# Exercise description
Starting with the line below that holds "Notre basique intemporel, une" and stopping after the line that holds "2015年7月27日,由中印", transcribe the lines exactly, leaving out all pictures.

# Excerpted data
****************
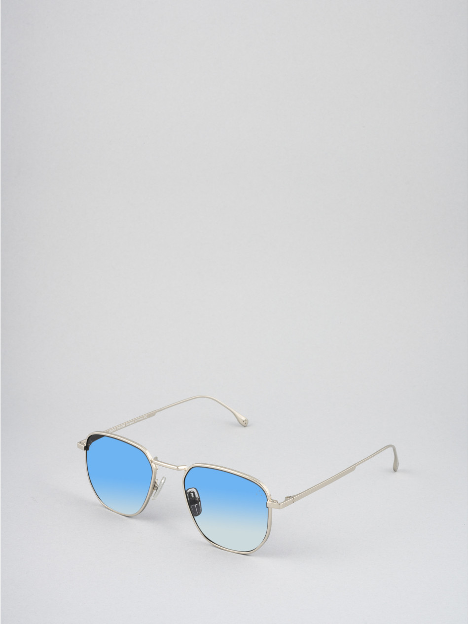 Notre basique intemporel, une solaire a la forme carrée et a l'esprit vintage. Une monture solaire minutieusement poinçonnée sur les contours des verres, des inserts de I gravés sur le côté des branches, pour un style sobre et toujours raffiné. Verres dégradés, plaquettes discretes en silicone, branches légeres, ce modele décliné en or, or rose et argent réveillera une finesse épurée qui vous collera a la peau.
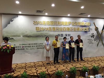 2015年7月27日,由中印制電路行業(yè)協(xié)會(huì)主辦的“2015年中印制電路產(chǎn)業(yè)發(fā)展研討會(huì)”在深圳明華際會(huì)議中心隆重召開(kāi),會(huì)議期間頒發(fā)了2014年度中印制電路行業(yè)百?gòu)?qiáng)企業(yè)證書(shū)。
****************
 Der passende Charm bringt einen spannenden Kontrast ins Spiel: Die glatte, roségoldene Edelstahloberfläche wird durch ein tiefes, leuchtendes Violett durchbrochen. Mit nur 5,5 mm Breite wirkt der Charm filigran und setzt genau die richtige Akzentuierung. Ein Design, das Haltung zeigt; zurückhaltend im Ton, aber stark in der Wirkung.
****************
# Answer
 Notre basique intemporel, une solaire a la forme carrée et a l'esprit vintage. Une monture solaire minutieusement poinçonnée sur les contours des verres, des inserts de I gravés sur le côté des branches, pour un style sobre et toujours raffiné. Verres dégradés, plaquettes discretes en silicone, branches légeres, ce modele décliné en or, or rose et argent réveillera une finesse épurée qui vous collera a la peau.
 2015年7月27日,由中印制電路行業(yè)協(xié)會(huì)主辦的“2015年中印制電路產(chǎn)業(yè)發(fā)展研討會(huì)”在深圳明華際會(huì)議中心隆重召開(kāi),會(huì)議期間頒發(fā)了2014年度中印制電路行業(yè)百?gòu)?qiáng)企業(yè)證書(shū)。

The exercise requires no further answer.